When I visited the museum in 1996, I inadvertantly became a docent when as I was explaining some construction details regarding a large detailed cut-away model of a submarine to one person I attracted a crowd of listeners. My wife was amused and took this picture.
And also I was able to explain to two young ladies who were acting as guides on board the Bowfin just how the deck gun operated. They thought the breach lever was the trigger.
Originally in 1985 the museum was located on the navy base, in a quonset hut near the sub base entrance (behind the sign) and the Bowfin was moored where it is now but only had an old quonset building there for support. The Bowfin has been pretty well restored. Stairwells have been installed where the torpedo loading hatches had been.
A photo taken from top of
training tower at Sail 9 in 1945, l-r: USS Flying Fish (SS229),
USS Spadefish (SS411), USS Tinosa (SS283), USS Bowfin (SS287), and USS Skate (SS305)
(from centerfold of Bowfin museum brochure)

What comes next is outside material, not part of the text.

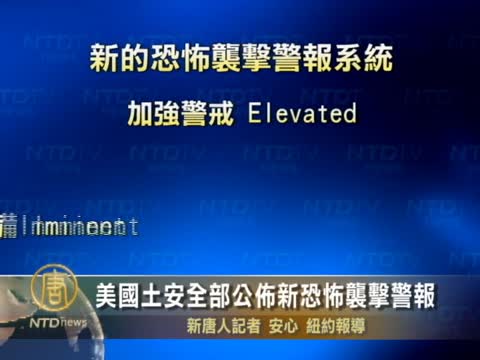 【新唐人2011年4月21日訊】美國國土安全部部長詹妮特•納波利塔諾 (Janet Napolitano) 4月20日,在紐約曼哈頓中央車站宣佈了新的恐怖襲擊警報系統。請看本臺記者的報導。

Across the bay from the Bowfin stands the memorial to the USS Arizona (BB ) sunk during the Japanese attack on Pearl Harbor in 1941. In 1950 the Arizona was only a navigation hazard for ships. The memorial was installed many years later. Visitor tours to the memorial are conducted by the Parks Service via navy launches. A documentary film of the attack on Pearl harbor is shown to the visitors prior to the tour.